Segment Anything without Supervision

Unsupervised SAM (UnSAM) is a "segment anything" model for promptable and automatic whole-image segmentation which does not require human annotations.

Segment Anything without Supervision
XuDong Wang, Jingfeng Yang, Trevor Darrell
UC Berkeley
NeurIPS 2024

[project page] [arxiv] [colab (UnSAM)] [colab (pseudo-label)] [bibtex]

VideoUnSAM Extension

Extending UnSAM into the temporal domain with DINOv3 features and Sinkhorn optimal-transport mask propagation. See video/ for the new code.
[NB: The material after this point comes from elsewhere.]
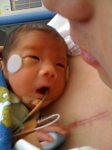 He is still being nourished via IV but just today he is tolerating mothers milk and within a few days should be transferred back to a special care unit a bit closer to home for us.:)

Phase 1 — Static divide-and-conquer (DINOv3)

CutLER divide → DINOv3 ViT-L/16 conquer on a single image.

# End-to-end on the demo image (writes a colored mask overlay)
.venv/bin/python divide_and_conquer/demo_dico.py \
  --backbone dinov3 --output pseudo_masks_output.png

# Divide → conquer → synthetic stills video (UnSAM v1-style augmented "video")
.venv/bin/python divide_and_conquer/divide_conquer_videoV3.py \
  --input docs/demos/sa_234337.jpg \
  --output-video output.mp4 --output-preview preview.png

Phase 2 — Real-video propagation on DAVIS 2017

DAVIS is expected at datasets/davis/DAVIS/{JPEGImages,Annotations}/480p/<clip>/.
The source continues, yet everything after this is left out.